Purple Martin

Purple Martins at the Coastal Center’s nest gourds. These are males — note the near-black purple color. Photo by Frank Mantlik.
Purple Martin
Progne subis
Look for Purple Martins in and around any of several dozen colonies of man-made houses or gourds throughout Connecticut.
In the eastern U.S., these large swallows are completely dependent on them (though out west, they nest in natural cavities too).
All the successful colonies in Connecticut are near water. The birds soar and glide over lakes, tidal marshes, and grassy and shrubby fields, searching for flying insects, especially dragonflies, often at such heights that they’re impossible to see with the naked eye.
There’s are colonies at the Coastal Center at Milford Point and Deer Pond Farm. Connecticut Audubon staff and volunteers check the nests weekly throughout the breeding season.
All told, there might be as many as three dozen colonies in the state, including smaller and newer colonies at the Center at Pomfret and Stratford Point, and well-established colonies at Sherwood Island and Hammonasset State Parks, and at the Quinebaug Valley Fish Hatchery in Plainfield. Kent seems to be a particularly good area for them.
If you visit a colony, you won’t have much trouble identifying the birds, unless they happen to be off hawking insects. Adult males are a dark iridescent blue-purple but often look black. Females and juveniles are duller with shades of gray on the head and chest, and some white on the lower belly. The wings are long and tapered, the tail mildly forked.
Males usually arrive by mid-April to scout out territories and most birds have left Connecticut by late August. Purple Martins spend the winter in northern to central South America.

George Amato and Bev Propen, two volunteer members of the Purple Martin monitoring crew at the Coastal Center, check the gourds. Photo by Frank Mantlik.

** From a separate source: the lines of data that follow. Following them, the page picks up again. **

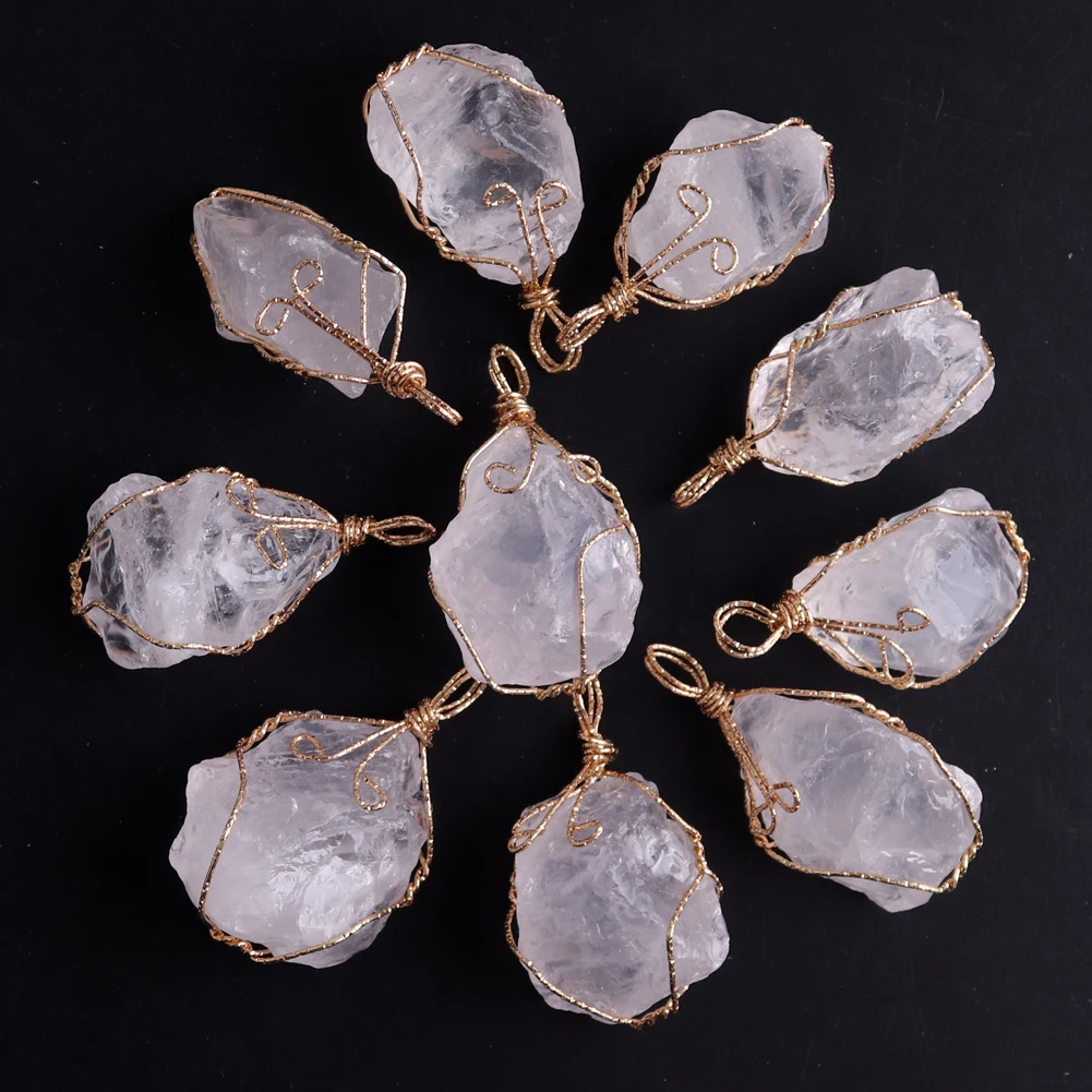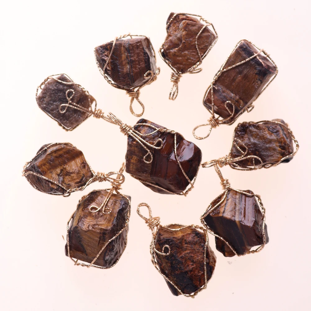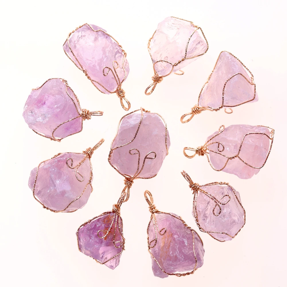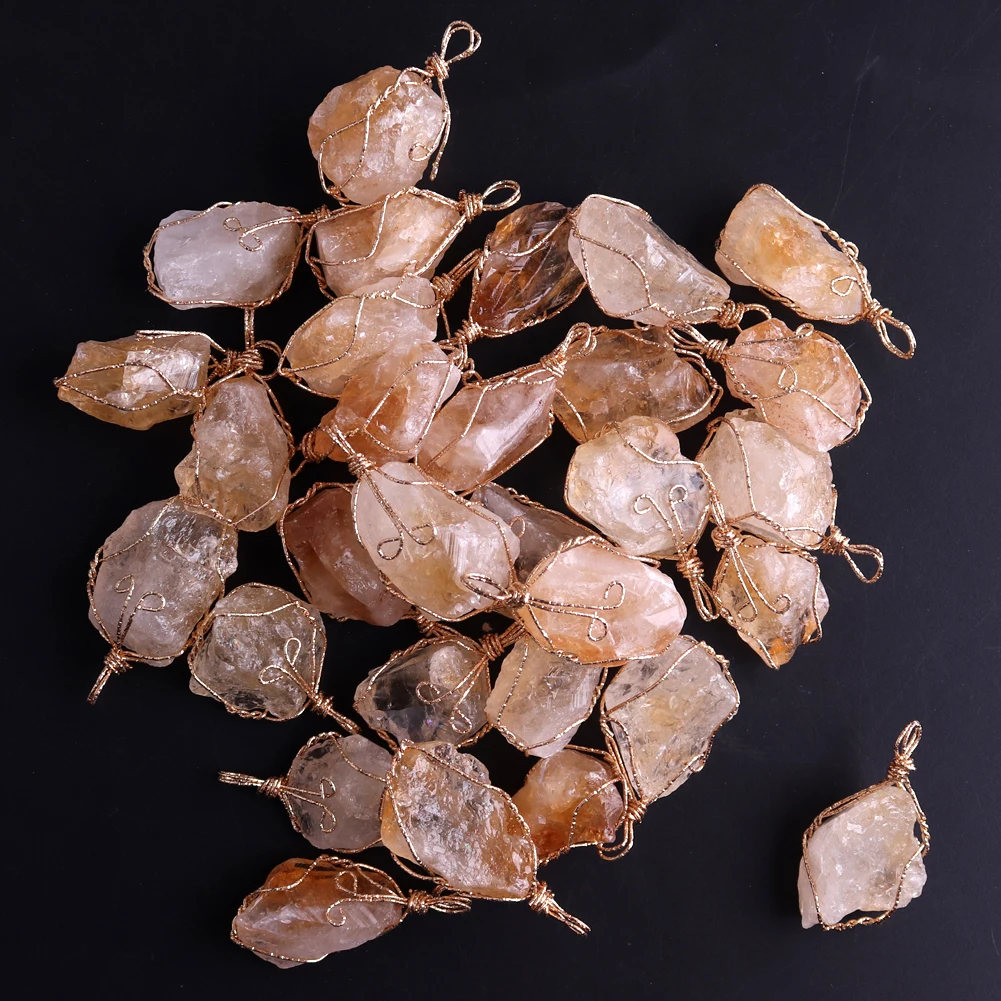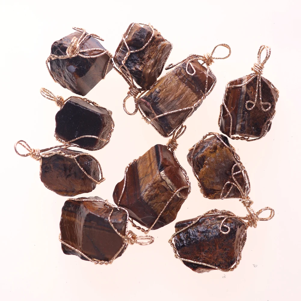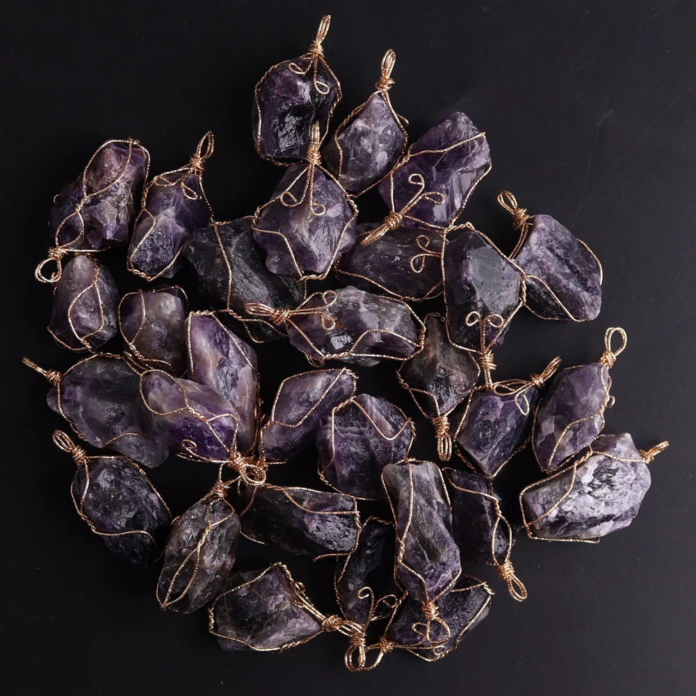 12pcs New Natural Raw Stone Wire Wrap Necklace Pendant Healing Energy Jewelry Pendulum Bulk Wholesale Items For Small Business
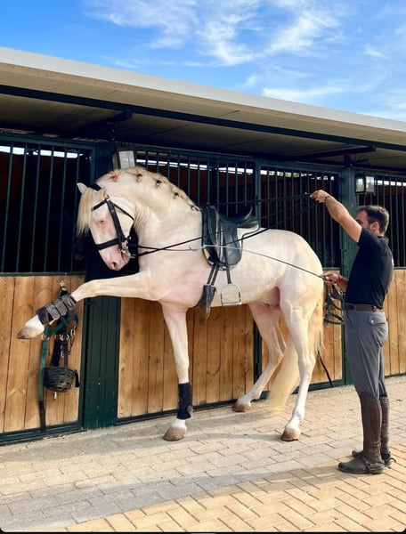 Elegant Lusitano Stallion for Sale – Perfect for Dressage! We are offering an impressive Lusitano stallion, born in 2022. This exceptional Cremello captivates with its refined appearance and balanced temperament. Standing at 16.1 hh, he is ideally suited for ambitious dressage riders who value quality and character. The young stallion demonstrates promising basic gaits and a natural willingness to develop further. His eagerness to learn and friendly nature make him an ideal partner for high-level dressage. For inquiries or additional information, please feel free to contact me. Schedule a viewing and see for yourself what makes this horse so special! Location: Spain – transportation can be arranged worldwide
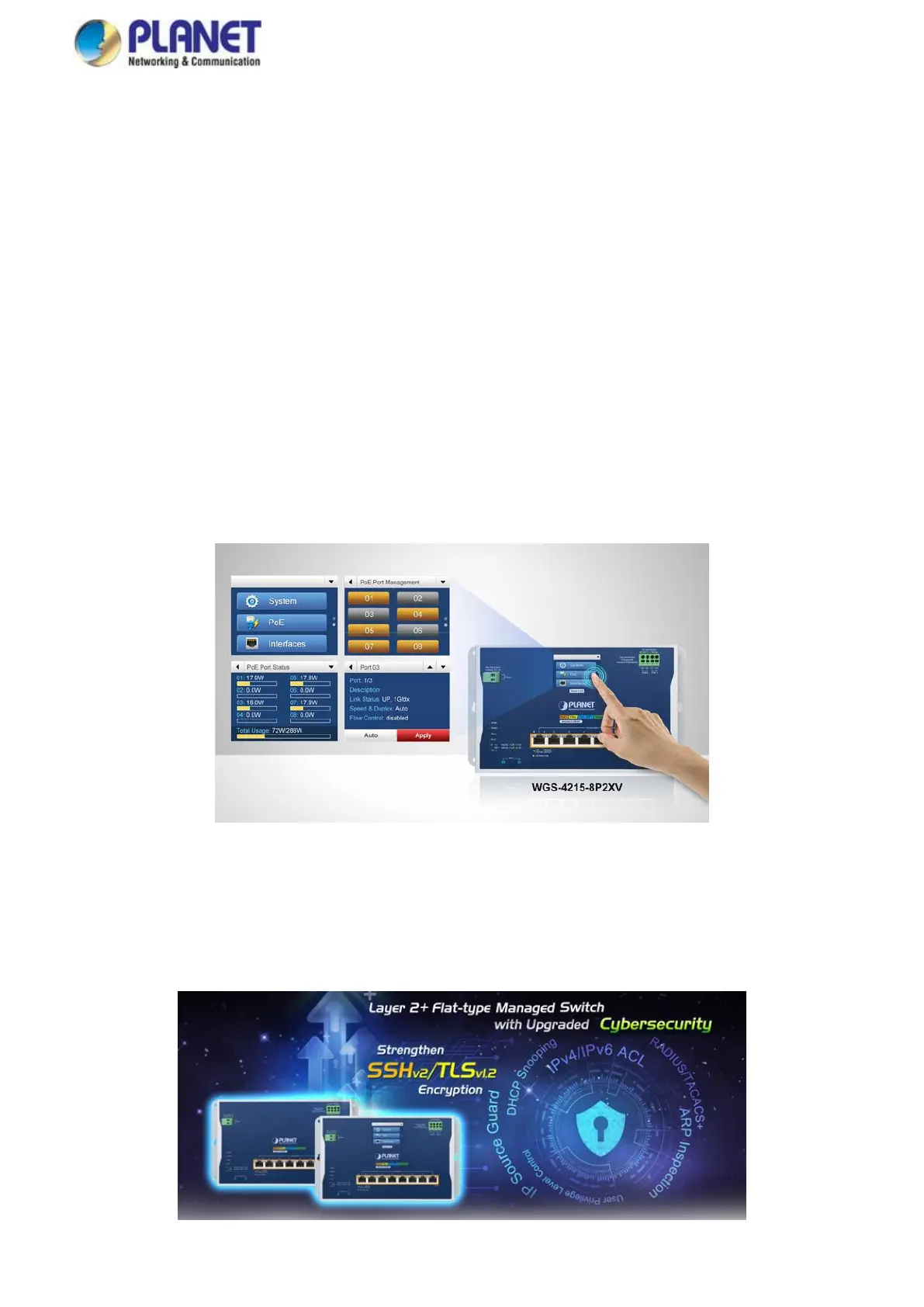 The WGS-4215-8P2XV comes with an intuitive touch panel on its front panel that facilitates the Ethernet PoE PD management
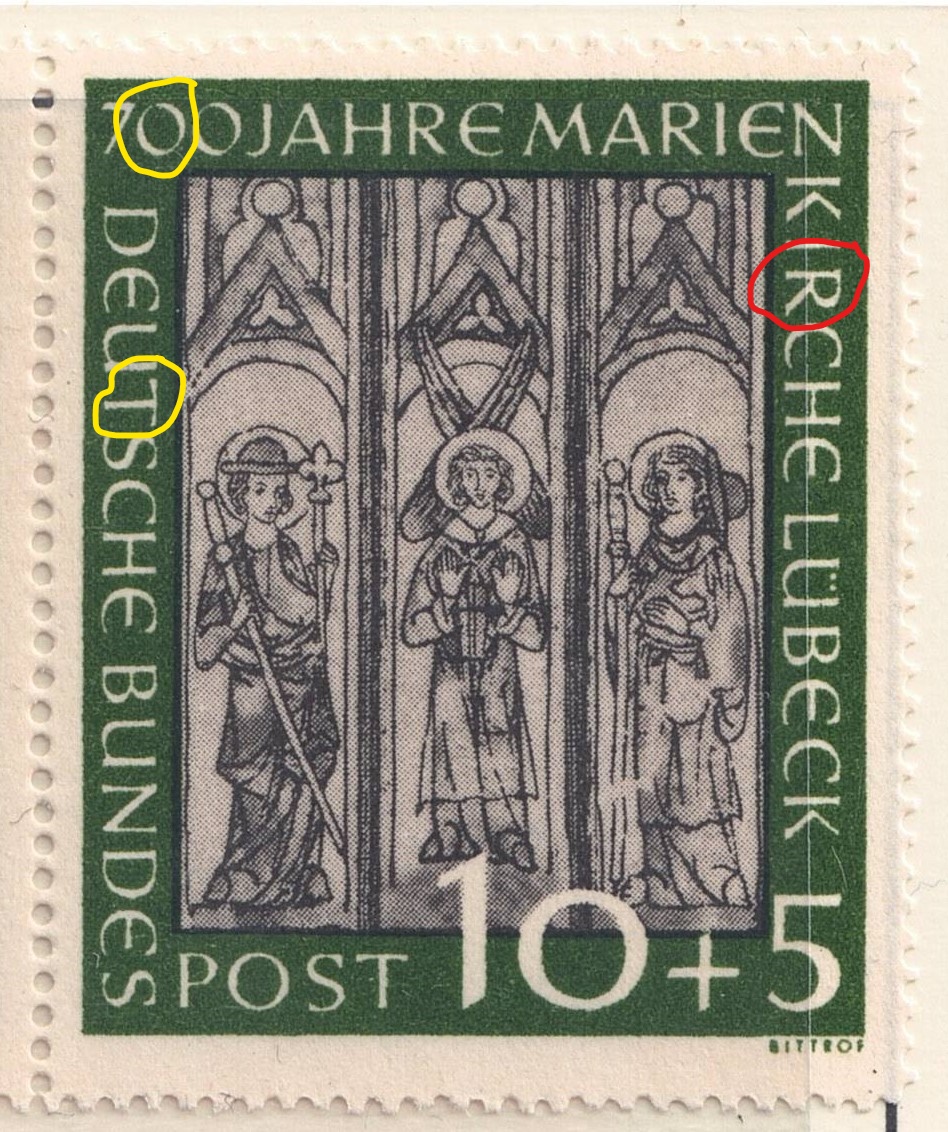 Das gilt m.E. für fast alle von Dr. Dreyer so trival beschriebenen "Plattenfehler" / Druckabweichungen der ersten 6 Briefmarken der BRD ;)
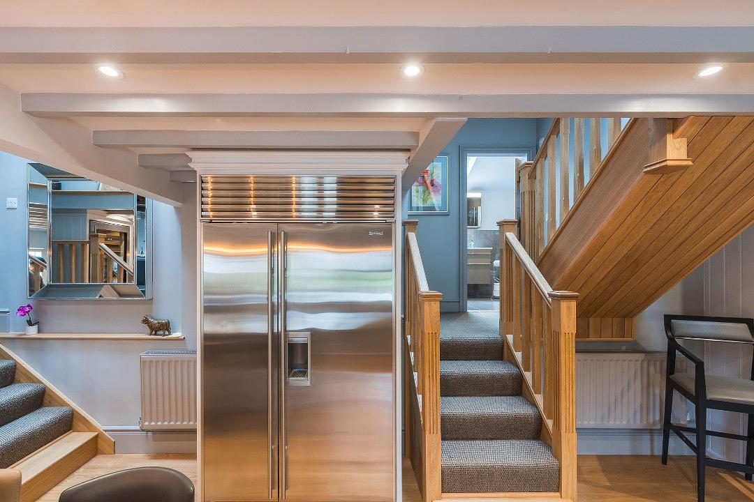 The kitchen also houses a substantial Sub-Zero fridge freezer equipped with a water purifier and ice machine, alongside a dedicated Sub-Zero wine cooler, perfect for a variety of wines and champagnes. For coffee enthusiasts, a Sage Nespresso Vertuo coffee machine, we provide a small number of coffee pods but recommend bringing your own. Two cafetières are also thoughtfully provided to satisfy your coffee cravings!
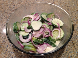 Mix yogurt, sour cream and add salt and pepper to liking and pour over sliced onion and cucumber. Stir and marinate for 1 hour, then stir before serving.
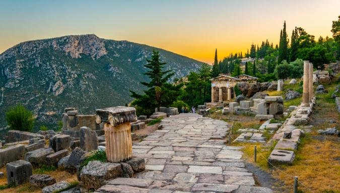 Утром переезд (~350 км) в Дельфы. Посещение археологического комплекса святилища Аполлона в Дельфах (включая входные билеты) (ЮНЕСКО): Священная площадь, храм и др.
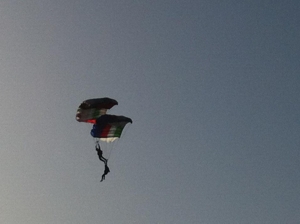 Scuola di Paracadutismo di Fermo, noti, per essere gli unici a praticare una particolare tecnica di volo umano in caduta libera. Gli Atmonauti hanno disegnato con i fumogeni durante la discesa in caduta libera la bandiera italiana, sembravano aerei ma erano gli Atmonauti.L’evento ha visto anche la partecipazione della squadra di paracadutismo dei Carabinieri. Poi, un’entusiasmante discesa da parte dei paracadutisti con la tecnica del
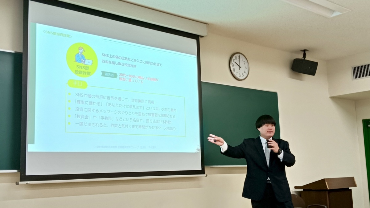 講義では、「なぜ被害に遭ってしまうのか」「どのような点に注意すれば防げるのか」といった視点から、学生が自ら考える場面も設けられ、金融トラブルを“自分ごと”として捉えるきっかけとなりました。
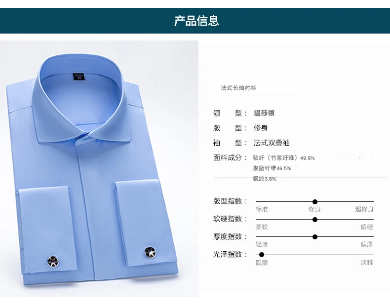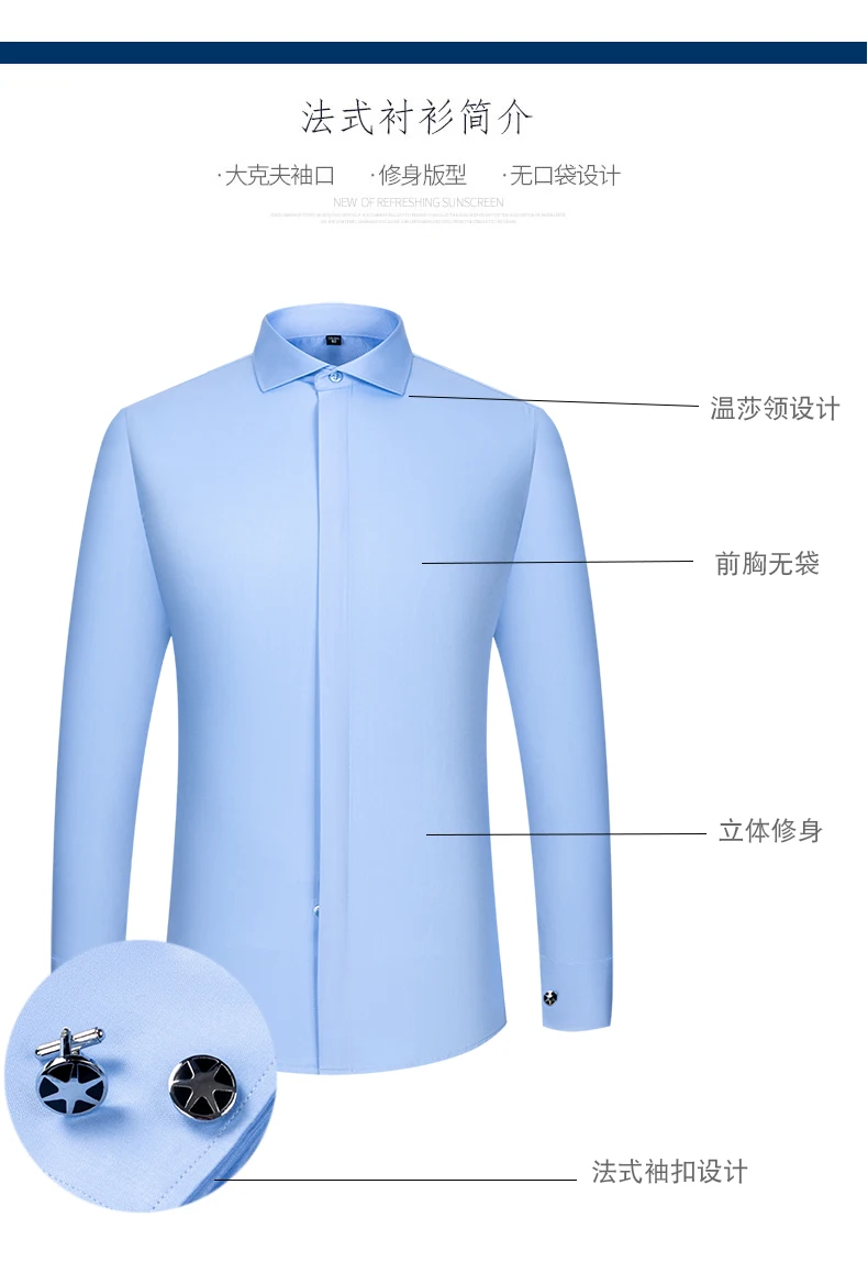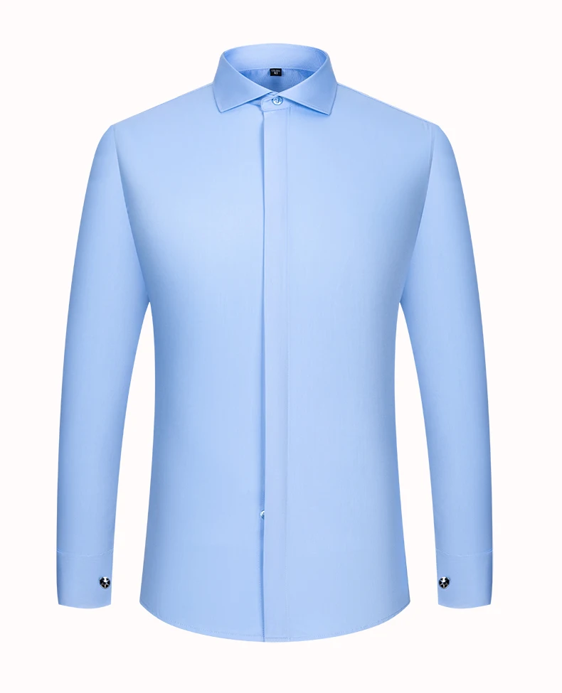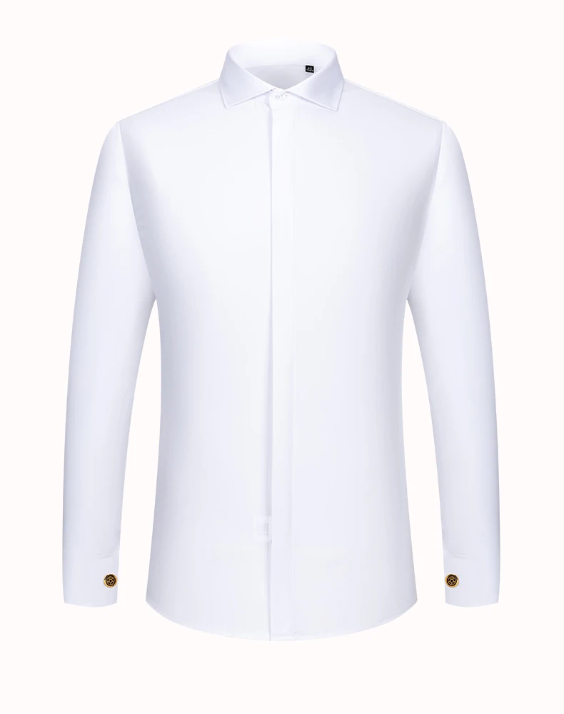 Dress to impress with this high-end French cufflink shirt designed for formal occasions. Its slim fit and concealed buttons exude sophistication, making it a perfect choice for weddings.
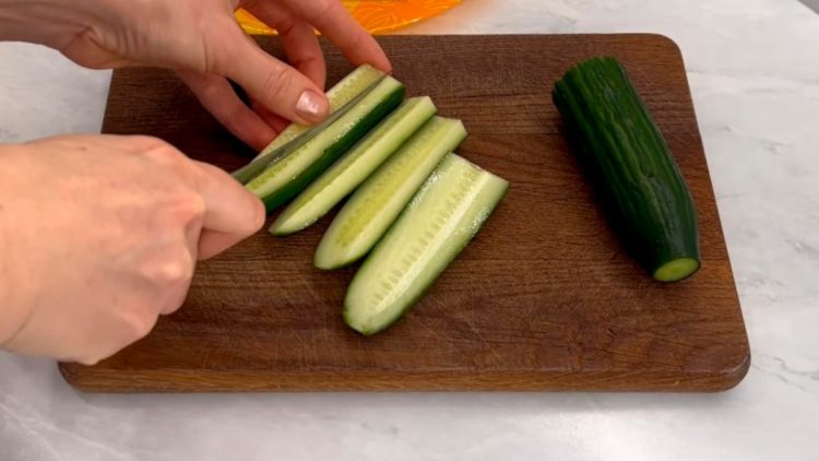 Для цієї закуски нам знадобиться довгий огірок. Спочатку зрізаємо з нього хвостики. Потім розрізаємо його навпіл і обрізаємо кожну половинку вздовж так, щоб максимально не зачепити серцевину з насінням – її ми використовувати не будемо.

In 2015, the official status of Purple Martins in Connecticut was improved, to special concern, from threatened. The Purple Martin Conservation Association uses Connecticut a model for other states to follow to turn around declines in their Purple Martin populations.
On the national level, the IUCN indicates the Purple Martin is of Least Concern. Least Concern however does not mean no concern. Purple Martins are of “least concern” compared to other species that are in more dire condition. From 1966 to 2015, the North American Breeding Bird Surveys found a drop in the Purple Martin population of 37 percent.
Purple Martin colonies are under threat from introduced species such as European Starlings and House Sparrows, which take over martin houses and gourds, and damage eggs or kill nestlings. Cold snaps longer than three to four days also kill martins because of their effect on the insects the birds rely on for food.
Predators such as raccoons can raid colonies as well, and this month volunteers at the Coastal Center installed baffles in hopes of keeping raccoons away from the nests there.